Consumers “are realizing that … being overweight or out of shape or not taking care of your health is a contributing factor in the hospitalization and proportion of deaths,” he said.

The company’s membership has increased by 700,000 since April 1. Forty percent are first-time members, he said. “You’re really getting people off the couch for the first time, and those are the people who really need our help.”

Leaders of the publicly-owned company credited that success to its “bricks and clicks” strategy of engaging home-bound members with online fitness classes, then convincing them to use the app to upgrade to in-person memberships.

No fees are required to download the app and access a personal fitness tracker and dozens of at-home training videos. Once registered, consumers can use the app to sign up for a $5.99 digital-only membership that gives them premium content. They can also sign up for access to in-person facilities starting at $10 a month plus a $49 activation fee.

Between 65% and 75% of new members are joining through the company’s app and website compared to just 30% to 39% in 2019, Rondeau said. “The world has changed,” he said. “And I think this is something that’s going to stick around.”

LA Fitness expands discount brand

Not to be left out, LA Fitness, a chain of full-service clubs with higher membership fees but more amenities like basketball and racquetball courts, Zumba classes and swimming pools, has been rebranding some of its locations as Esporta clubs.

The company’s website shows that 41 of 108 LA Fitness clubs are now Esporta clubs. As part of the rebrand, the company is promoting a $9.99 monthly single-club membership rate that matches those of YouFit and Planet Fitness. The catch: Basic members only get access to strength training and cardio equipment. And they must pay a $99 initiation fee.

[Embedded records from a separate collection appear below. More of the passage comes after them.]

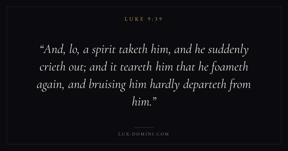 And, lo, a spirit taketh him, and he suddenly crieth out; and it teareth him that he foameth again, and bruising him hardly departeth from him.
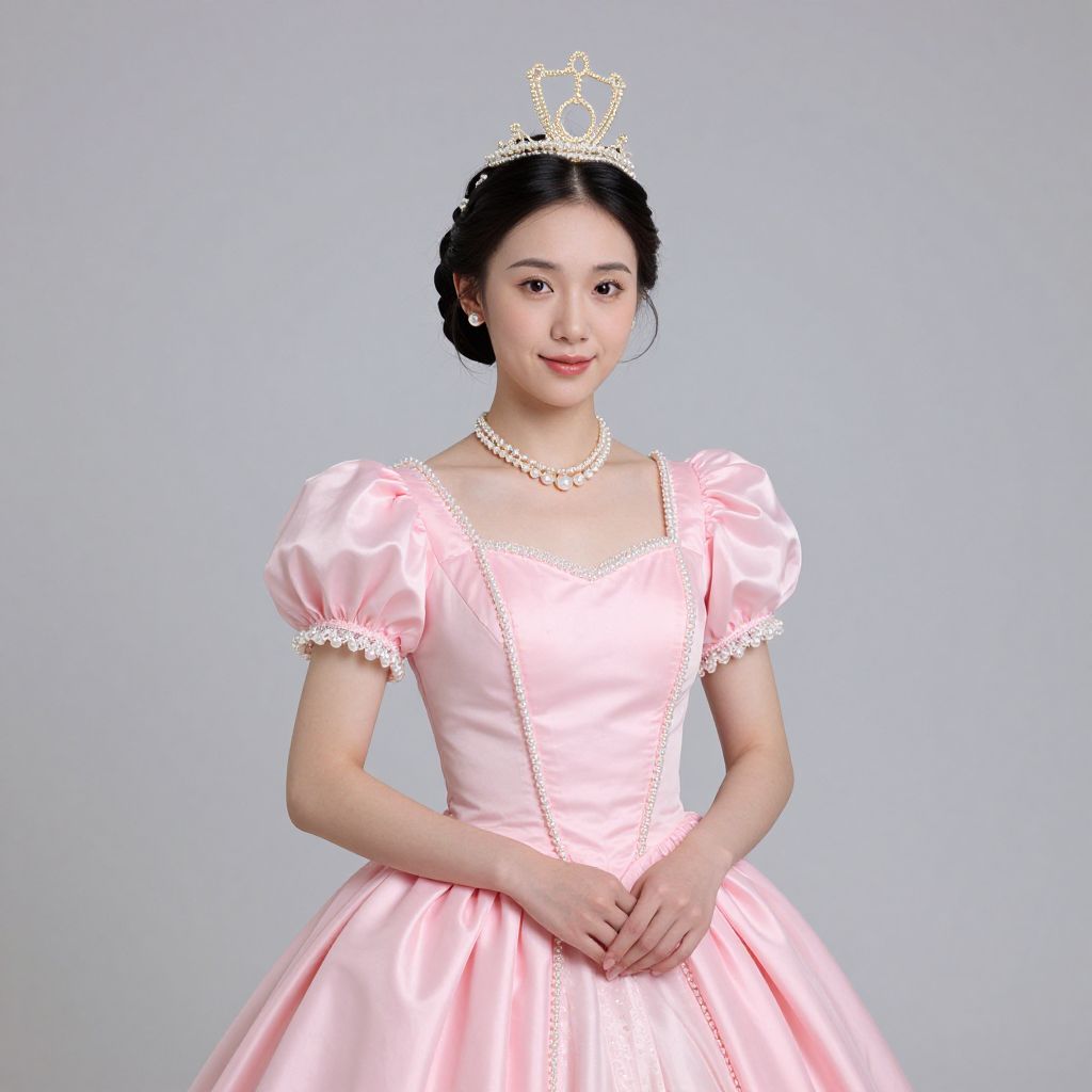 Pink Queen Costume, woman in pink dress with a crown and pearls
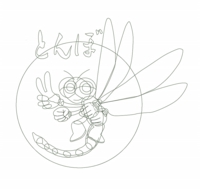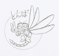 小学生にも伝わりやすい様に、少し漫画チックにしようと思いました。いくつかデザイン案を考えてみましたが「ギンヤンマ」をモデルにしたキャラクターをかわいらしくするのは、思ったよりうまく行きません・・・とりあえず、ラフを描いてパス起こし、最初のベタ塗りまで一気に進めましたが・・・たとえば、目つきにクレームがつくかな等々・・・エトセトラ
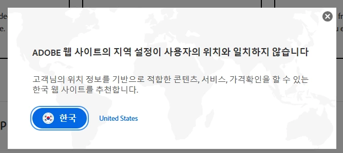 계정에 구독이 있는경우는 어도비 홈페이지 제일 하단에 보면 지역변경 버튼이 있고 지역변경을 진행할수 있습니다.
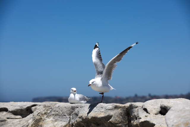 A silver gull shortly before it takes to the air in order to head to a location that is not the on in which it was residing.
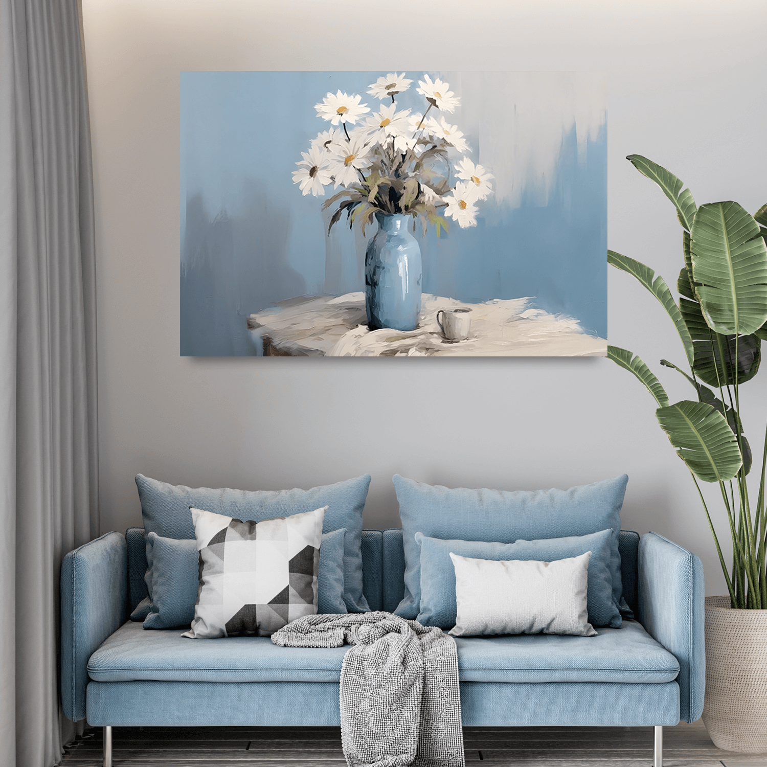 Klasik bir dokunuş isteyenler için bu versiyon, kanvas yüzeyli tabloları arasında yer alır. Papatyaların sade güzelliği, dokulu yüzeyde daha doğal ve hissedilir bir hâl alır.
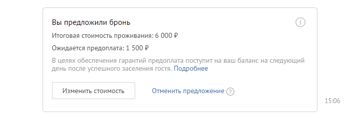 Когда гость присылает вам запрос на бронь, вы указываете общую стоимость проживания и сумму предоплаты, а после этого отправляете гостю предложение.
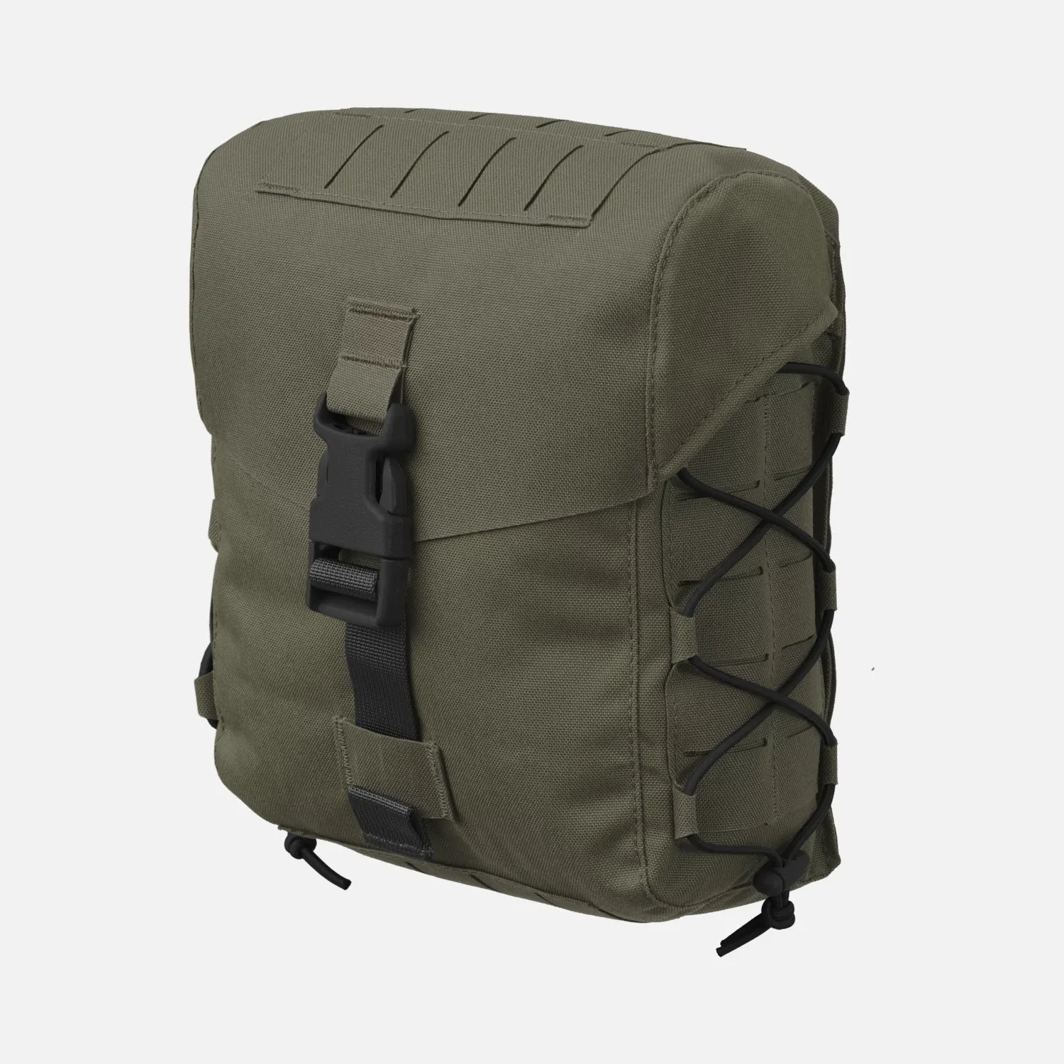 Большая универсальная сумка, предназначенная в основном для ношения на задней части модульного ремня MOSQUITO® или аналогичной конструкции ремня. Большая вместительная сумка позволяет упаковать все необходимое, а воротник-кулиска надежно фиксирует содержимое, а клапан с застежкой защищает от пыли и грязи. Новые функции включают систему лазерной резки, совместимую с MOLLE/PALS, на клапане крышки коробки, закрывающемся на пряжку, и дополнительный паракорд по бокам, чтобы уменьшить объем пустого места или прикрепить предметы. Подсумок не только совместим с модульной системой MOLLE/PALS, но и, благодаря петлям из паракорда, может крепиться на любой оружейный ремень шириной до 45 мм.
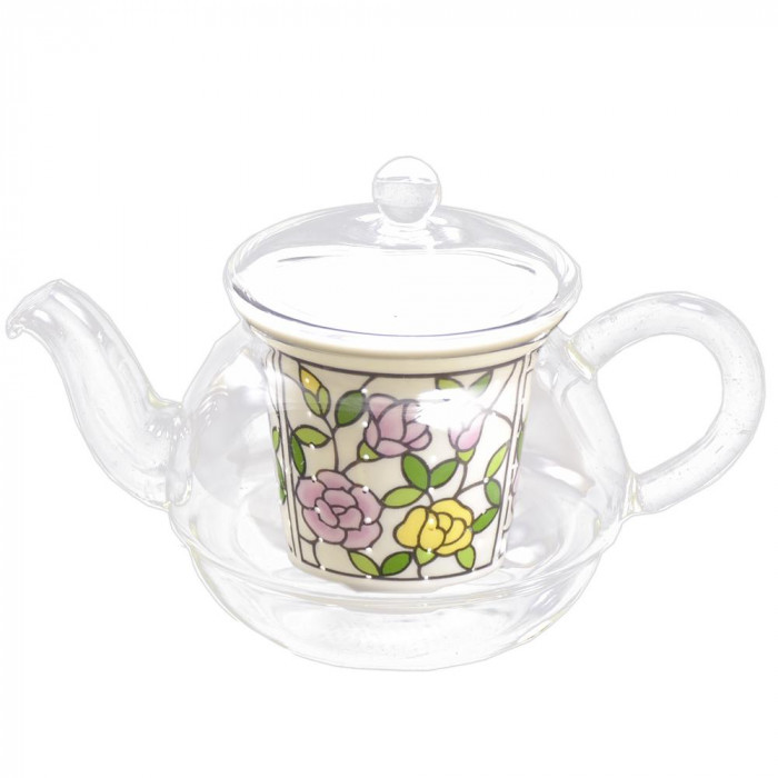 ガラスのティーポットに有田焼の茶こしがおしゃれ☆日本茶・紅茶・中国茶・ハーブティーなどいろんなお茶にご使用下さい♪ 製造国:ポット・蓋:中国、茶こし:日本 素材・材質:ポット・蓋:耐熱ガラス茶こし:磁器(有田焼) 商品サイズ:(約)径9.5×幅15×高10.5cm 仕様:容量:約300cc耐熱温度差:120度電子レンジ使用可食洗機使用可 セット内容:蓋付ポット×1、茶こし×1 ※サプライヤー直送品 ご注文後3~4営業日後の出荷となります【商品名】有田焼 セランドグラス おしゃれポット ビートロ薔薇 300cc KA-200
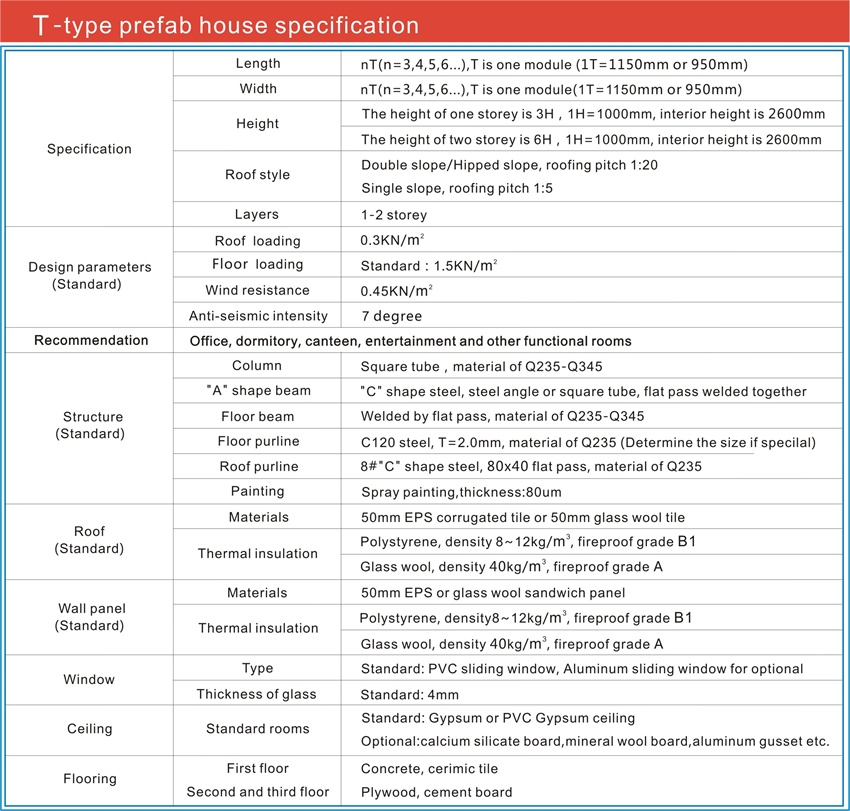Convenient storage and transport----few types of components, convenient for storage, high transport efficiency, a 40HQ container can load about 300 square meter flat roof of T-type house.
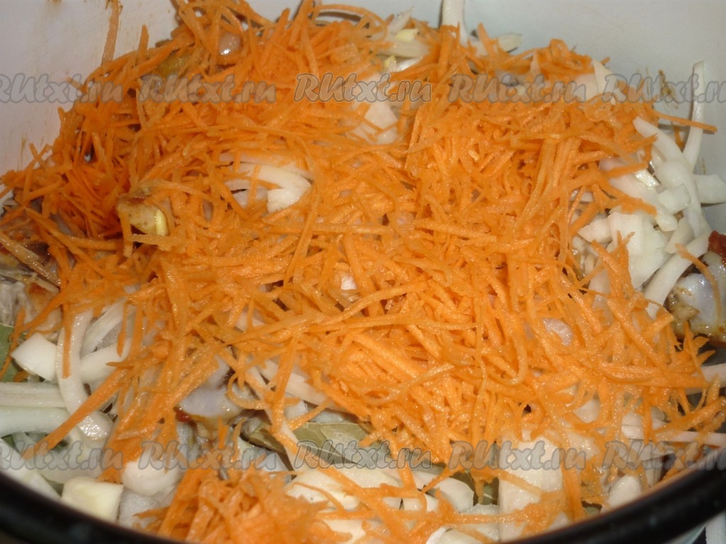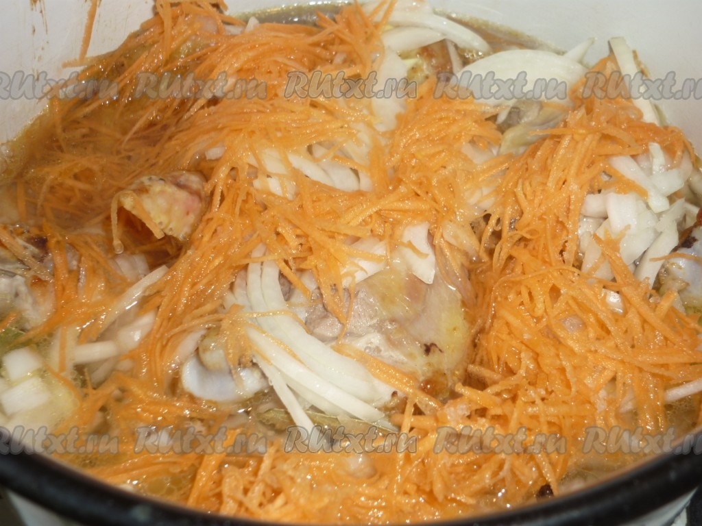 Обжаренные кусочки курицы переложить в кастрюлю, добавить лавровый лист, нарезанный полукольцами лук и натёртую на крупной тёрке морковь, посолить, поперчить.
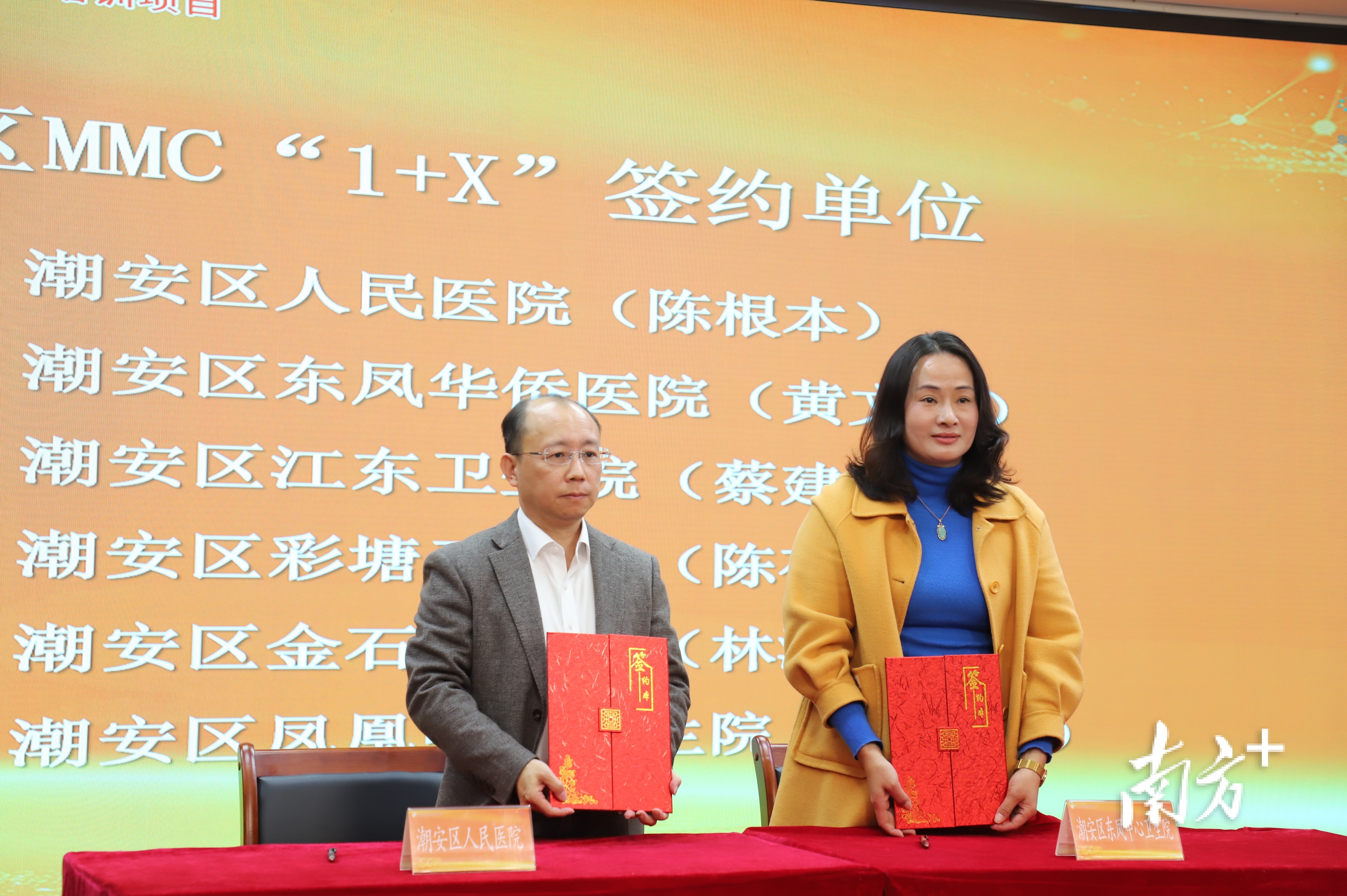活动现场,潮安区人民医院分别与东凤华侨医院、江东卫生院、彩塘卫生院、金石卫生院、凤凰中心卫生院签订MMC“1+X”合作协议。潮安MMC“1+X”模式,以潮安区人民医院MMC为总中心,在基层医院建设MMC分中心,形成上下联动、标准统一的慢病管理网络。
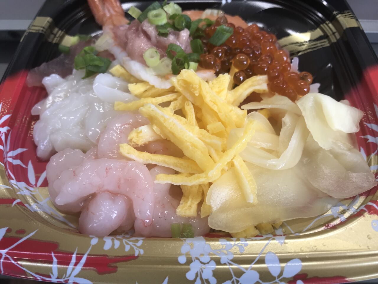 海鮮丼+イカフライ。このイカフライも、好物です。
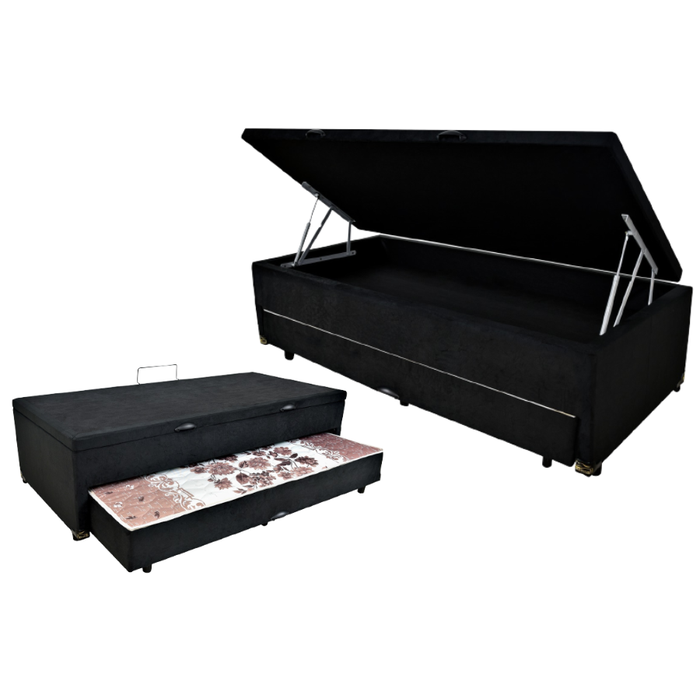 Bicama Box Baú Solteiro 88x188 com Cama Auxiliar de Molas Ensacadas 3x1 Suede Preto Preto

Esporta enrollees can avoid the $99 fee by opting for a $24.99 monthly membership that includes use of all facilities, a group training session and a personal training session.

LA Fitness club memberships, by contrast, start at $35.99 a month for access to a single club with no initiation fee, or $35.99 a month plus a $4
9 initiation fee for access to all clubs in the state.

All bets are off if COVID-19 or a new variant comes roaring back this winter, Planet Fitness executives said. Industry members, meanwhile, are pushing Congress to approve a $30 billion relief fund to keep struggling fitness companies afloat. Though introduced in a congressional bill last February, the fund was not included as part of the $1.9 trillion American Rescue Plan enacted last spring, nor is it part of any spending package under negotiation this fall.

“During closures, health clubs were expected to pay their bills in full with little or no revenue coming in,” said trade association spokeswoman Sami Smith. “As one of the first industries to close and last to reopen, the fitness industry hasn’t received any direct relief from Congress.”